NAME
polyester_polyA.pl - A Perl application for enhancing the polyester RNA sequencing simulation tool.
VERSION
version 0.02
SYNOPSIS
polyester_polyA.pl [options]
DESCRIPTION
The purpose of the application is to enhance the polyester RNA sequencing simulation tool by including polyA tails in the reference RNA being used to generate the simulated sequencing data. The application is a wrapper around the R package polyester, which only accounts for the processes of fragmentation, reverse complementation and sequencing when generating data.

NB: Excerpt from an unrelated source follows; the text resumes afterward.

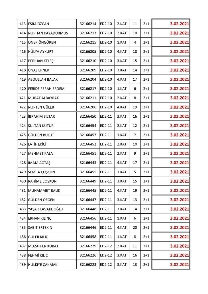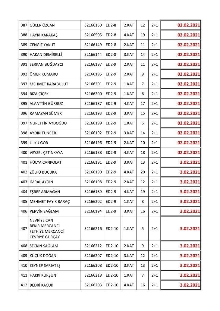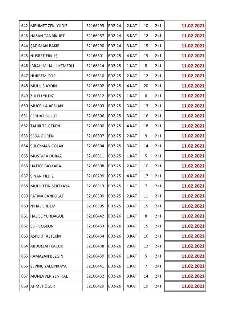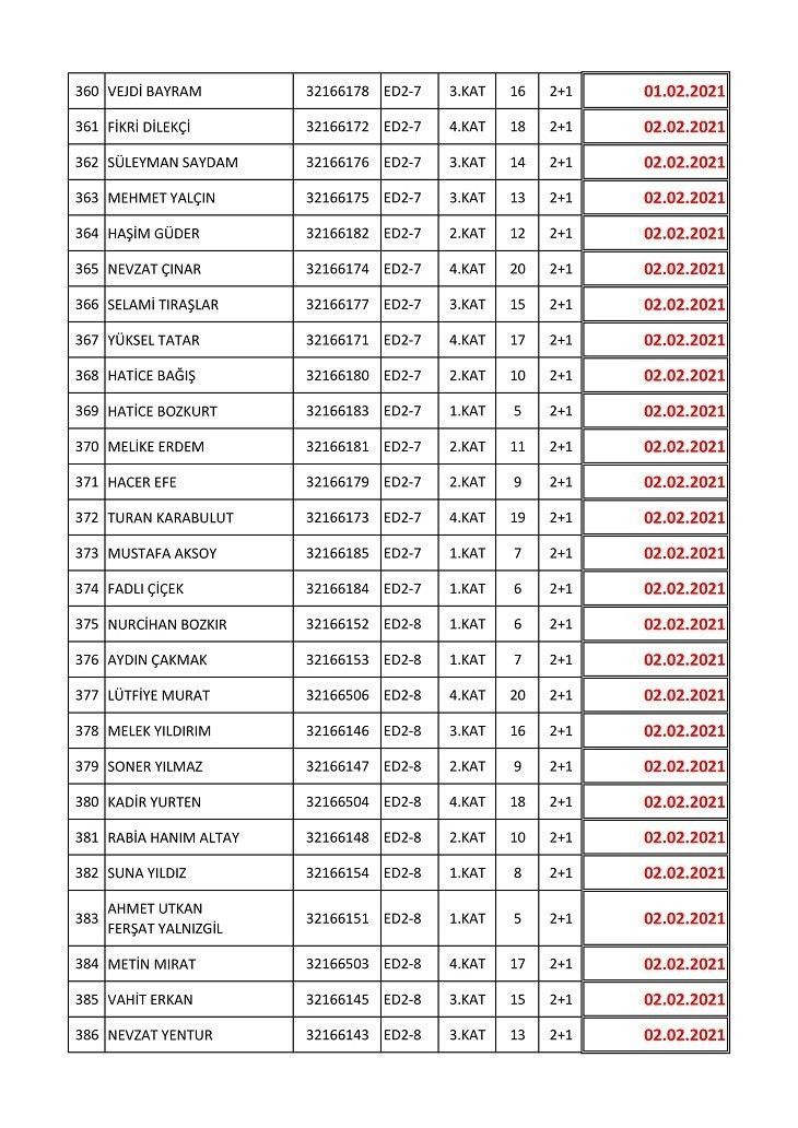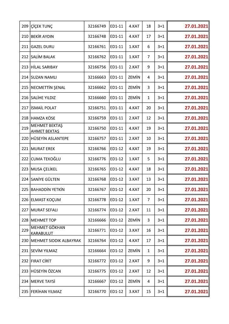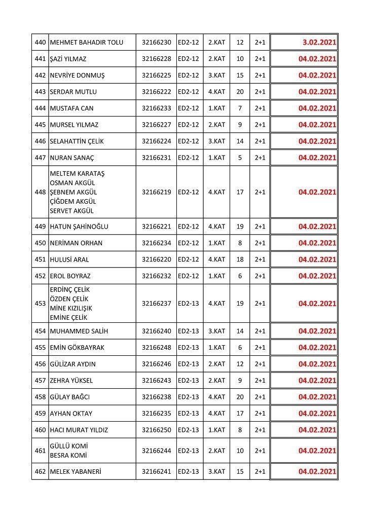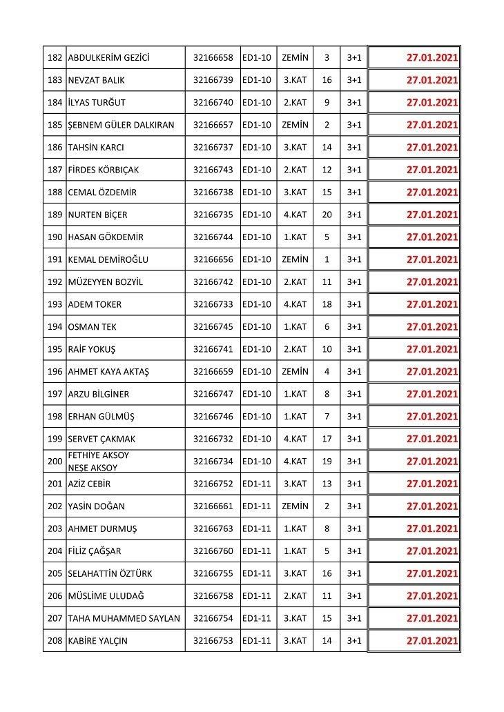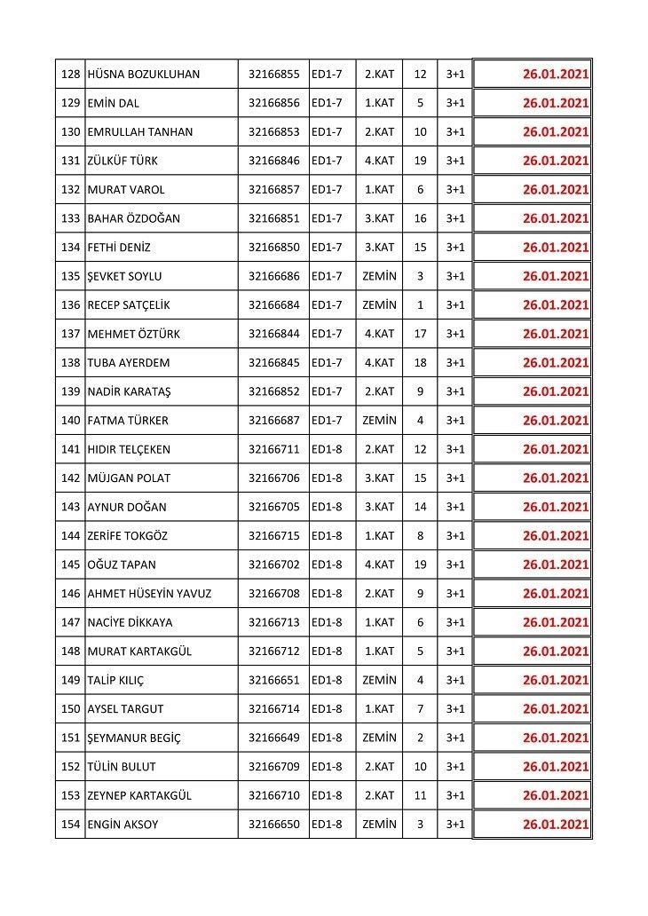 İşte isim listesine göre konutların teslim edileceği tarihler:

Note that the Perl application does not (at this moment) include the possibility of passing logspline R objects as parameters to the R script and the the polyester "simulate_experiment" function. The command line options are the same as the ones in the polyester R package, with the exception of: * The addition of the --taildist option, which is mandatory and specifies the tail distribution to be used. * The addition of the --distparams option, which is mandatory and specifies the parameters of the distribution. * The addition of the --maxseqs option, which is optional and specifies whether to break the single fasta file generated by the application into multiple files of a specified maximum number of sequences. * The addition of the --modformat option, which is optional and specifies the format for storing modifications (one of JSON, YAML, or MessagePack). * BONUS: provide a R script that can be used to control the polyester simulation process from the command line (polyester.R) All other parameters have the same interpretation and semantics as in the polyester R package.
OPTIONS
- --bias, -b [STRING]
-
Fragment selection bias (optional).
- --distparams, -P [FLOAT1 FLOAT2 ...]
-
Distribution parameters (mandatory, list of numeric values).

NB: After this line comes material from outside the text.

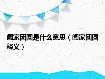 欢迎观看本篇文章,小升来为大家解答以上问题。阖家团圆是什么意思,阖家团圆释义很多人还不知道,现在让我们一起来看看吧!
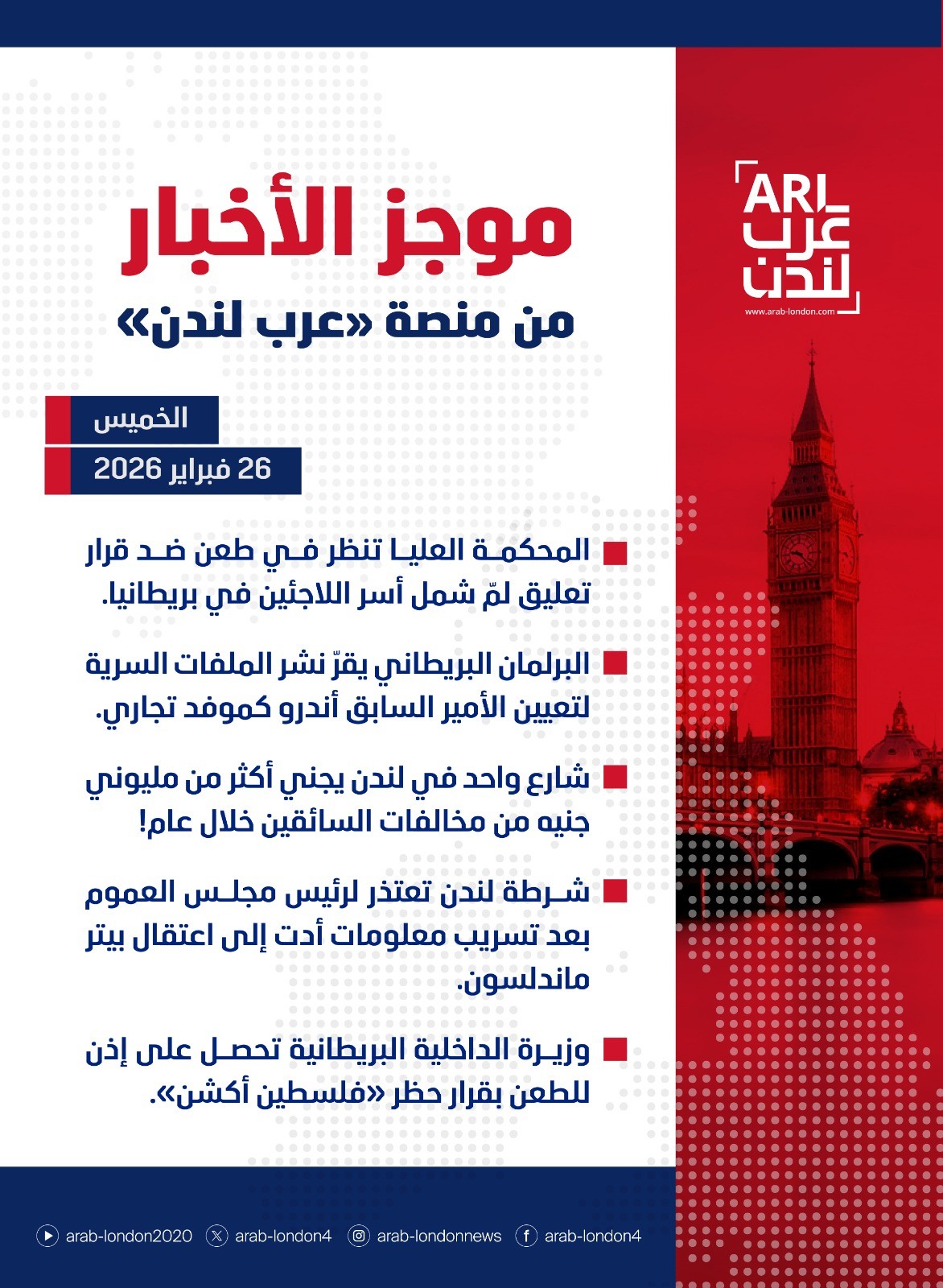 الرئيسية أخبار موجز أخبار بريطانيا من منصة #عرب_لندن: الخميس : 26 فبراير / شباط 2026 أخبار موجز أخبار بريطانيا من منصة #عرب_لندن: الخميس : 26 فبراير / شباط 2026 2026-02-26 🔴المحكمة العليا تنظر في طعن ضد قرار تعليق لمّ شمل أسر اللاجئين في بريطانيا 🔴 البرلمان البريطاني يقرّ نشر الملفات السرية لتعيين الأمير السابق أندرو كموفد تجاري 🔴 شارع واحد في لندن يجني أكثر من مليوني جنيه من مخالفات السائقين خلال عام! 🔴 شرطة لندن تعتذر لرئيس مجلس العموم بعد تسريب معلومات أدت إلى اعتقال بيتر ماندلسون 🔴 وزيرة الداخلية البريطانية تحصل على إذن للطعن بقرار حظر "فلسطين أكشن" السابق الحكومة البريطانية تموّل نصبًا دائمًا لضحايا غرينفيل ال72 التالي وزيرة الداخلية البريطانية تحصل على إذن للطعن بقرار حظر "فلسطين أكشن" تابعوا آخر أخبار عرب لندن عبر Google News الاكثر قراءة اعتقال زوج نائبة بريطانية واثنين آخرين للاشتباه بالتجسس لصالح الصين 2026-03-06 برنامج تجريبي: 40 ألف جنيه إسترليني لتشجيع عائلات طالبي اللجوء المرفوضة على مغادرة بريطانيا 2026-03-05 تحقيق يكشف تورط 22 متهماً في مؤامرة طرود مفخخة استهدفت بريطانيا وأوروبا بدعم روسي 2026-03-06 بريطانيا تقرّ إجراءات مشددة: السماح لآلاف اللاجئين بالعمل مقابل رفع الدعم الحكومي 2026-03-05 بعد العثور على 600 قطعة سلاح.. إدانة بريطاني مهووس بالنازية بتهم إرهابية 2026-03-06 عاجل/ اعتقال 10 أشخاص بينهم بريطانيون للاشتباه في تجسسهم لصالح إيران في لندن 2026-03-06 مقالات ذات صلة إجلاء أكثر من 100 شخص بعد انهيار رافعة في غرب لندن 2026-03-06 استجواب ثلاث مشتبهات في تحقيقات الاعتداءات الجنسية المرتبطة بمحمد الفايد 2026-03-06 اتهامات لوزيرة الداخلية بتقليد سياسات ترامب المتشددة تجاه اللاجئين 2026-03-06 تحقيق يكشف تورط 22 متهماً في مؤامرة طرود مفخخة استهدفت بريطانيا وأوروبا بدعم روسي 2026-03-06 وزير أيرلندي يندد بالإساءة لعمال محطات الوقود بسبب ارتفاع الأسعار 2026-03-06

- --errormodel, -e [STRING]
-
Error model (optional).
- --errorrate, -E [FLOAT]
-
Error probability (optional).
- --fastafile, -f [PATH]
-
Fasta file path (mandatory).
- --fcfile, -c [PATH]
-
Fold change file path (optional).
- --fraglen, -F [INTEGER]
-
Fragment length (average) (optional).
- --fragsd, -S [INTEGER]
-
Fragment length (standard deviation) (optional).
- --gcbias, -g [INTEGER]
-
GC bias (optional).
- --modformat, -m [INTEGER]
-
Case insensitive format for storing modifications (one of JSON, YAML, or MessagePack) (optional).
- --maxseqs, -m [INTEGER]
-
Maximum sequences per file (optional).
- --numreps, -n [INTEGER1 INTEGER2 ...]
-
Number of replicates in each group (optional, list).
- --outdir, -o [PATH]
-
Path to output directory (optional).
- --paired, -p [TRUE|FALSE]
-
Paired reads (optional).
- --readlen, -R [INTEGER]
-
Read length (optional).
- --readsfile, -r [PATH]
-
Reads per transcript file path (optional).
- --seed, -d [INTEGER]
-
Random seed (optional).
- --strandspec, -s [TRUE|FALSE]
-
Strand specificity (optional).
- --taildist, -t [STRING]
-
Tail distribution (mandatory).
- --writeinfo, -w [INTEGER]
-
Save simulation info (optional).
EXAMPLES
polyester_polyA.pl --fastafile myseq.fasta --taildist gamma \
--distparams 125.0 1.0 0.0 250.0 --fraglen 100 --fragsd 10 \
--numreps 1 --strandspec TRUE --readlen 75 --paired F \
--maxseqs 1000 --modformat YAML --outdir /path/to/output
TODO
Add the possibility of passing logspline R objects as parameters to the R script and the polyester "simulate_experiment" function.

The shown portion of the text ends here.